[Task objective]: Every line below between the one holding "Les débordements de" and the one holding "Animated sticker featuring", inclusive, should be copied exactly, and no other line.

[Data shown]:

[Start of section]

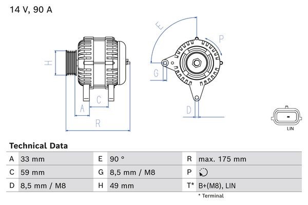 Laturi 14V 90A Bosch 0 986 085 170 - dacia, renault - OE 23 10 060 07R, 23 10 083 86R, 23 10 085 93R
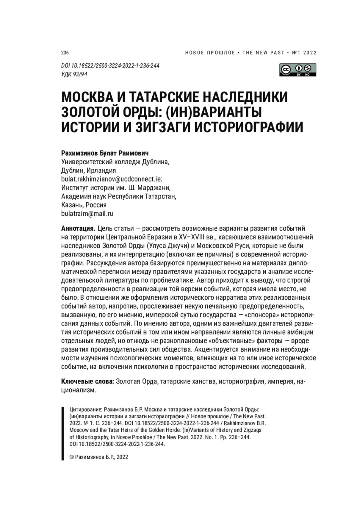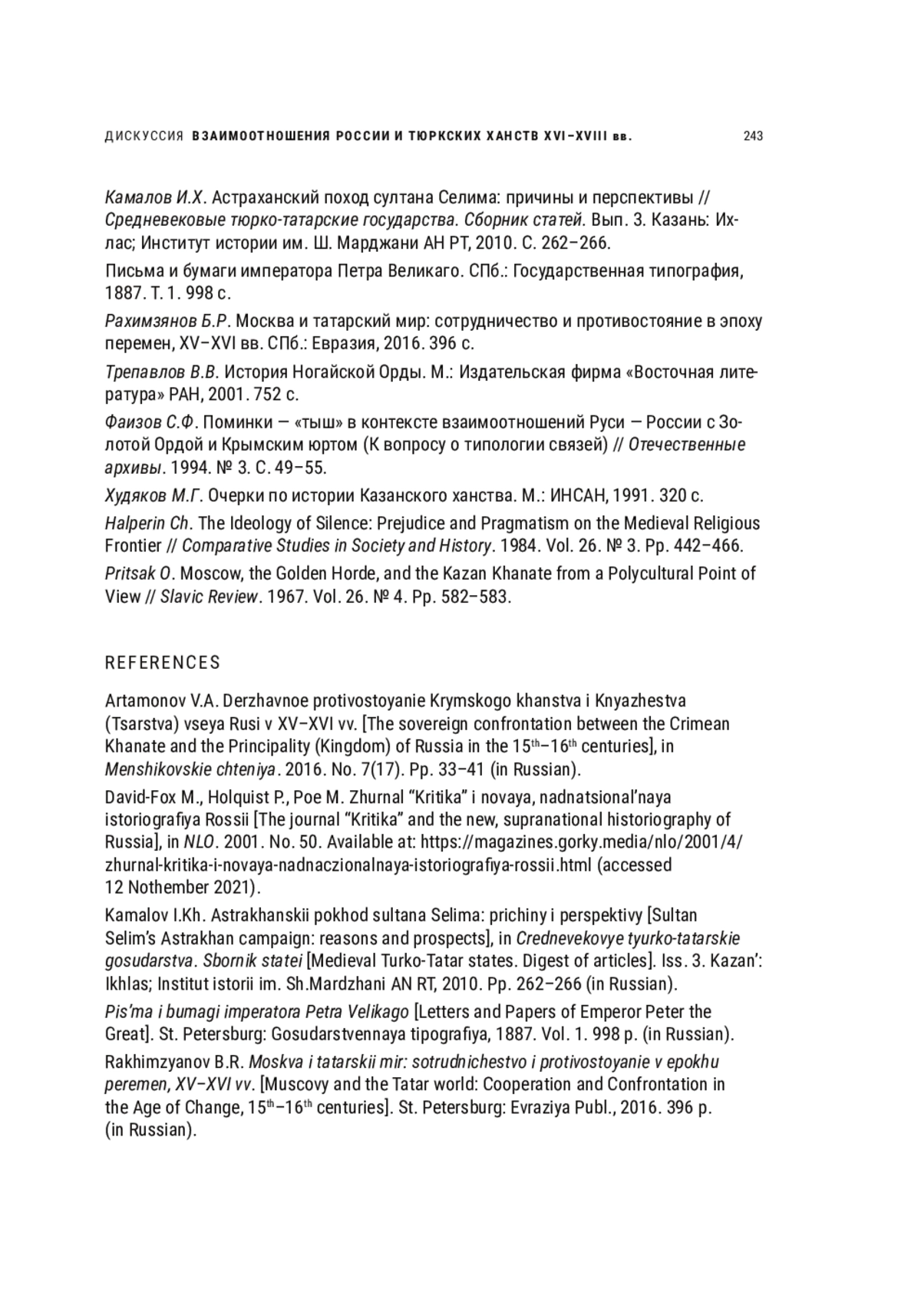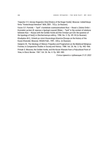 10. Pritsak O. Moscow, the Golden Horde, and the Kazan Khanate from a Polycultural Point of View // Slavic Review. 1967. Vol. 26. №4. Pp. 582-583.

[End of section]
[Start of section]

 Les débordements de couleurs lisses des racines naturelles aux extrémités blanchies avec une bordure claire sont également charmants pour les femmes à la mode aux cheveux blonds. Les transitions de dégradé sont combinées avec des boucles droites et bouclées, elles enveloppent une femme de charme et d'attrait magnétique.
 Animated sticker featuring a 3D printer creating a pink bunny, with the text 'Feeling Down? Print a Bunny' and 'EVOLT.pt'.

[End of section]
[Start of section]

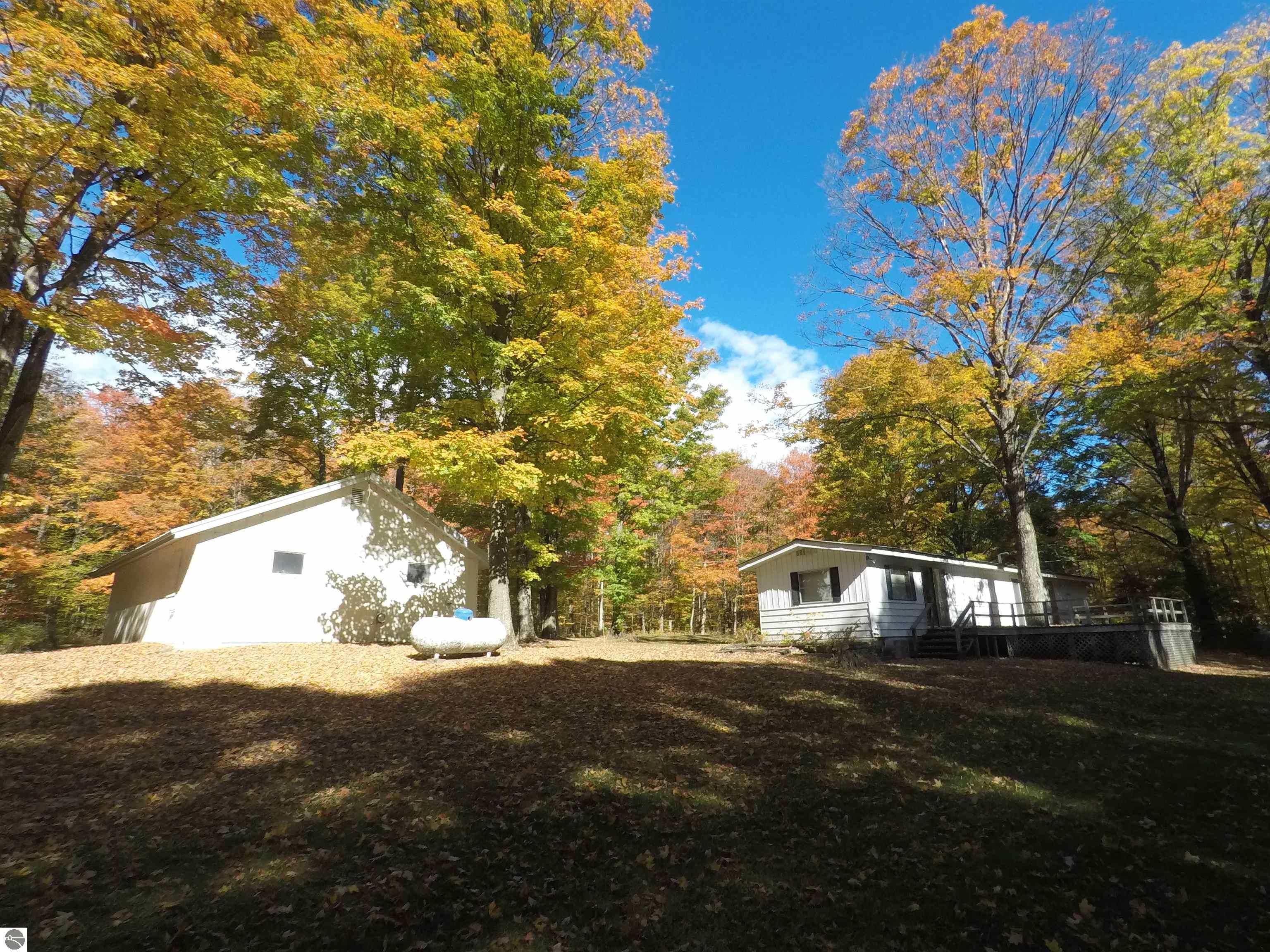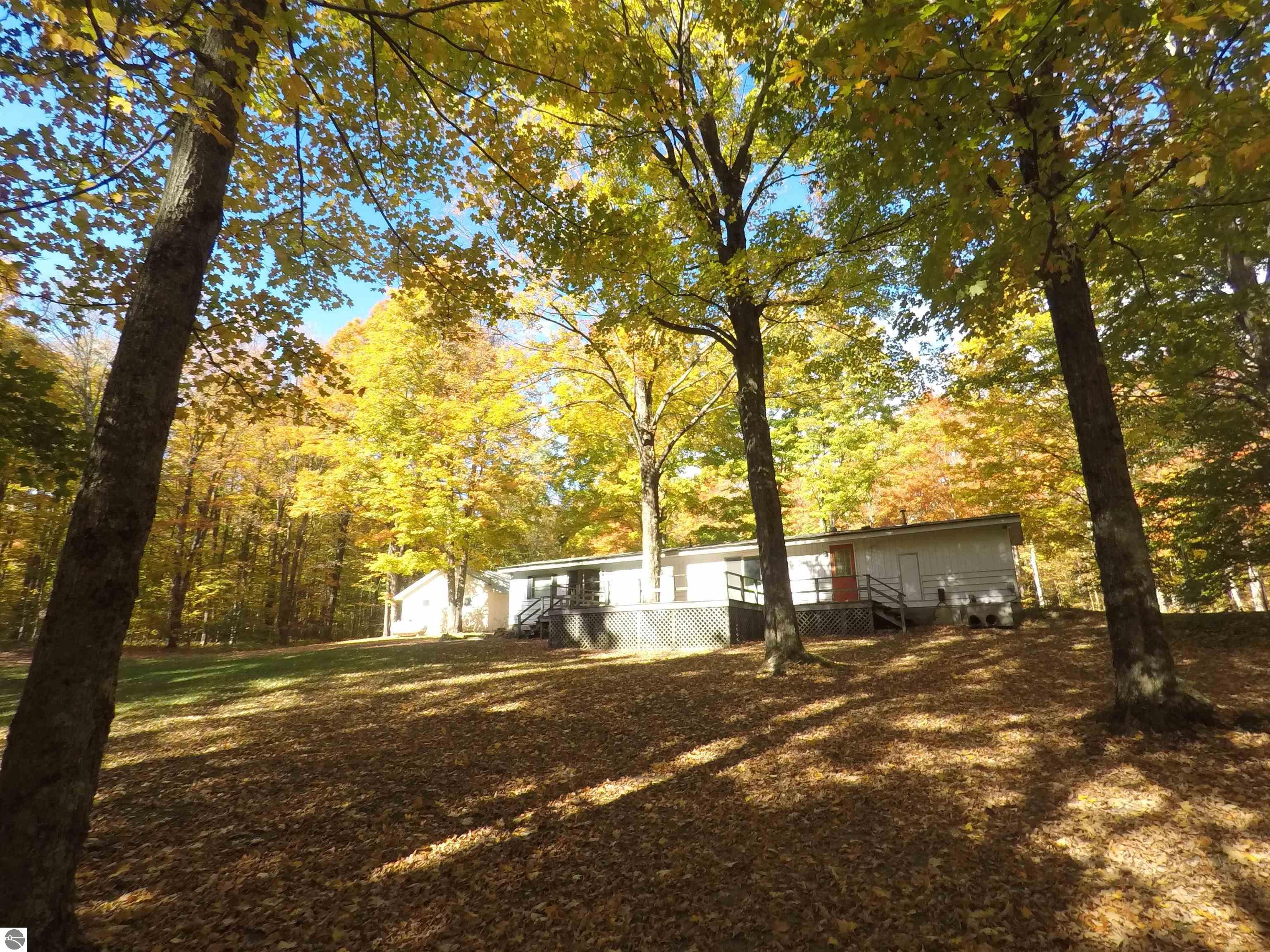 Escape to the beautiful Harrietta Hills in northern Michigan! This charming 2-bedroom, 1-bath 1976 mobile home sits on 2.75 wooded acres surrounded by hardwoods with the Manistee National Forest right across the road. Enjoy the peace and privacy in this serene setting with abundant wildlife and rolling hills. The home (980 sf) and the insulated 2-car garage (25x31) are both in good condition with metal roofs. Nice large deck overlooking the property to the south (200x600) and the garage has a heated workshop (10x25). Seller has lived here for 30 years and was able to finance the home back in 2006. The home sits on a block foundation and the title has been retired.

[End of section]

[Task response]:
 Les débordements de couleurs lisses des racines naturelles aux extrémités blanchies avec une bordure claire sont également charmants pour les femmes à la mode aux cheveux blonds. Les transitions de dégradé sont combinées avec des boucles droites et bouclées, elles enveloppent une femme de charme et d'attrait magnétique.
 Animated sticker featuring a 3D printer creating a pink bunny, with the text 'Feeling Down? Print a Bunny' and 'EVOLT.pt'.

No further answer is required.